WHAT TO WORK ON - Leaving out every picture, copy the lines of the material below exactly, from the line containing "- Họa tiết tinh" through the line containing "версии. В приложениях".

EXERCISE MATERIALS -
☆ ☆ ☆ ☆ ☆ ☆ ☆

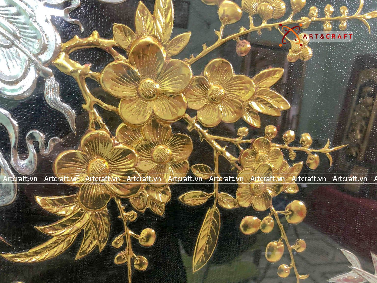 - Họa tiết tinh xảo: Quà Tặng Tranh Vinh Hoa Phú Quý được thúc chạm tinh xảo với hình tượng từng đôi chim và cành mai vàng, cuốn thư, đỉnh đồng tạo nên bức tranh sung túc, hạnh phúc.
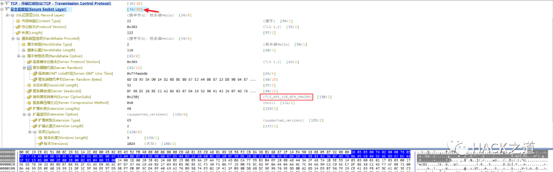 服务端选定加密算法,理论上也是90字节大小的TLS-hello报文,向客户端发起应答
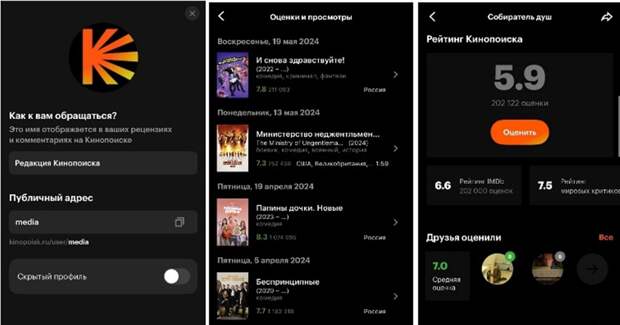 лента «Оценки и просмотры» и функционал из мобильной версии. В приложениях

☆ ☆ ☆ ☆ ☆ ☆ ☆

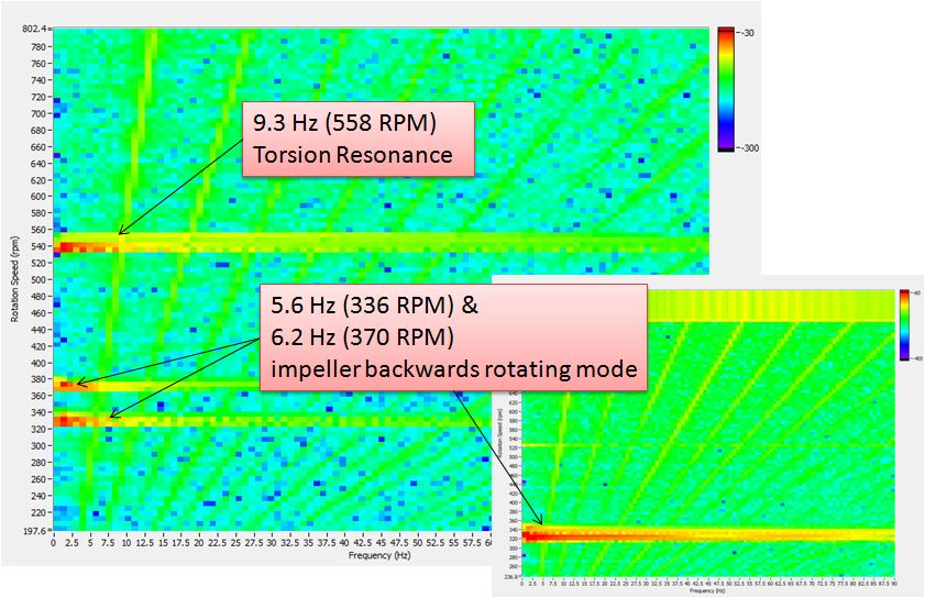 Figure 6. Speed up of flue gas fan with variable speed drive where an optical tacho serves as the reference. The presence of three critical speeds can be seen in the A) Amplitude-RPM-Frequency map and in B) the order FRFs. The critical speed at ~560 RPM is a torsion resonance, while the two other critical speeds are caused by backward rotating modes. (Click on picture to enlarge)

☆ ☆ ☆ ☆ ☆ ☆ ☆

RESPONSE TO THE EXERCISE -
 - Họa tiết tinh xảo: Quà Tặng Tranh Vinh Hoa Phú Quý được thúc chạm tinh xảo với hình tượng từng đôi chim và cành mai vàng, cuốn thư, đỉnh đồng tạo nên bức tranh sung túc, hạnh phúc.
 服务端选定加密算法,理论上也是90字节大小的TLS-hello报文,向客户端发起应答
 лента «Оценки и просмотры» и функционал из мобильной версии. В приложениях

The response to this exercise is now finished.